GCP – MLB’s fan data team hits it out of the park with data warehouse modernization
Editor’s note: In this blog post, VP of Data Engineering at MLB Robert Goretsky provides a deeper dive on MLB’s data warehouse modernization journey. Check out the full Next OnAir session: MLB’s Data Warehouse Modernization.
At Major League Baseball (MLB), the data generated by our fans’ digital and in-stadium transactions and interactions allows us to quickly iterate on product features, personalize content and offers, and ensure that fans are connected with our sport. The fan data engineering team at MLB is responsible for managing 350+ data pipelines to ingest data from third-party and internal sources and centralize it in an enterprise data warehouse (EDW). Our EDW is central to driving data-related initiatives across the internal product, marketing, finance, ticketing, shop, analytics, and data science departments, and from all 30 MLB Clubs. Examples of these initiatives include:
-
Personalizing the news articles shown to fans on MLB.com based on their favorite teams.
-
Communicating pertinent information to fans prior to games they’ll be attending.
-
Generating revenue projections and churn rate analyses for our MLB.tv subscribers.
-
Building ML models to predict future fan purchase behavior.
-
Sharing fan transaction and engagement data from central MLB to the 30 MLB Clubs to allow the Clubs to make informed local decisions.

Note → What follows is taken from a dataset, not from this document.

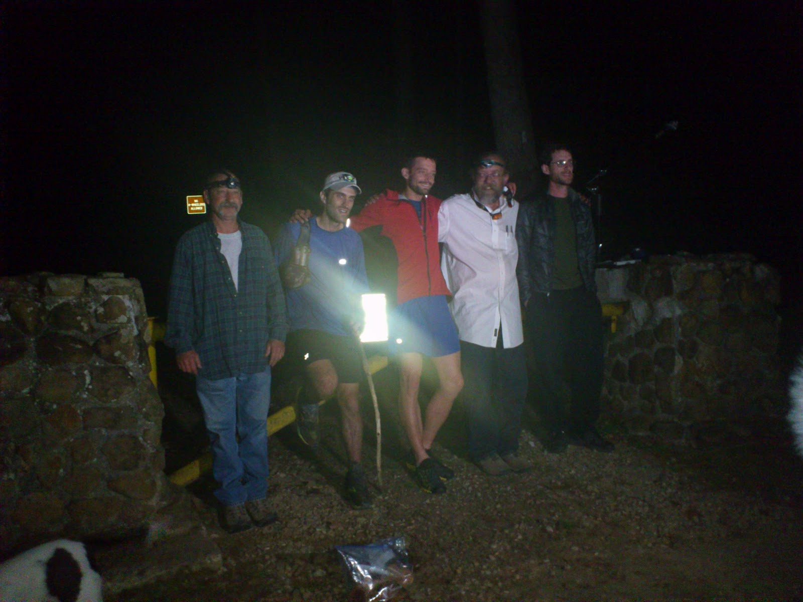 Weiter geht es auf dem Trail entlang, auf den bergauf-Parts verliere ich zumeist meine vor mir laufenden Mitstreiter, bergab kann ich dann wieder aufschließen. Irgendwann geht es hoch auf die Spitze des Bald Knob. Irgendwo auf dem Weg hinunter bin ich dann allein, komme an eine Kreuzung und laufe automatisch nach links. Vor mir sehe ich keine Stirnlampen mehr, hinter mir auch nicht. Plötzlich kommen mir Zweifel, ich werde langsamer, bleibe stehen, schaue auf meine Directions. Dort steht nichts von einer Kreuzung, auf die Idee auf die Karte zu schauen komme ich gar nicht. Ich schaue mich um, immernoch niemand zu sehen, in beiden Richtungen. Also drehe ich um und laufe ein Stück zurück, plötzlich sehe ich Stirnlampen auf mich zukommen, puh, ich bin noch richtig. Aufgrund dieser Erfahrung lasse ich mich von der Gruppe einholen und bleibe bei ihnen. Wir sind etwa mit 7-8 Mann unterwegs, eine ziemlich große Gruppe und es geht weiter über Son of a Bitch Ditch, hoch zu Garden Spot und wir finden schließlich Buch 2. Ich bin begeistert all die Namen der Orte, die ich zuvor gelesen und mir vorgestellt habe, nun wirklich live zu erleben. Ich versuche die ganze Zeit, mir den Weg irgendwie zu merken, was bis hier hin noch relativ gut gelingt, doch das ist auch der einfache Part. Ab hier geht es bald ohne Trail weiter hoch auf Stallion Mountain und wieder hinunter. Vorher erreichen wir die erste Wasserstation, es erscheint mir relativ früh, dennoch mache ich meinen Rucksack und meine Trinkflasche besser wieder komplett voll. Ich kann im Dunkeln die Umgebung nicht gut erkennen und verstärke meine Aufmerksamkeit darauf, den anderen zu folgen. Irgendwann erreichen wir Buch 3, ich habe kaum noch die Chance nachzuvollziehen, wo wir sind und weshalb wir dort hingehen. Die anderen kennen den Weg sehr gut und wir vergeuden keine Zeit, so dass ich nie dazu komme auch nur auf meine Directions oder die Karte zu schauen. Die Kompasspeilung von Stallion Mountain herunter übernehmen zum Glück andere, die auch hier fast direkt wissen, welche Richtung sie einschlagen müssen. Ich bin langsam überfordert und weiß, dass ich hier allein nicht mehr weiterkommen würde. Bislang bleibt aber die große Gruppe intakt und ich befinde mich hier unter illustren Persönlichkeiten, wie ich merke. Teil der Gruppe sind bspw. Blake Wood (ehemaliger 100-Mile-Finisher) oder auch Joe Decker (“The World’s Fittest Man”). Ich denke mir, wenn ich hier mithalten kann und wir bis ins Ziel und ggf. darüber hinaus zusammenbleiben, hätte ich Chancen auf einen Fun Run, denn ich glaube nicht, dass sich diese Herren mit einer Runde abspeisen lassen wollen.

After a technical evaluation in 2018, we decided to migrate our EDW from Teradata to Google Cloud’s BigQuery. We successfully completed a proof of concept in early 2019, and ran a project to fully migrate from Teradata to BigQuery from May 2019 through November 2019. (Yes, we completed the migration in seven months!) With the migration complete, MLB has realized numerous benefits in migrating to a modern, cloud-first data warehouse platform. Here’s how we did it.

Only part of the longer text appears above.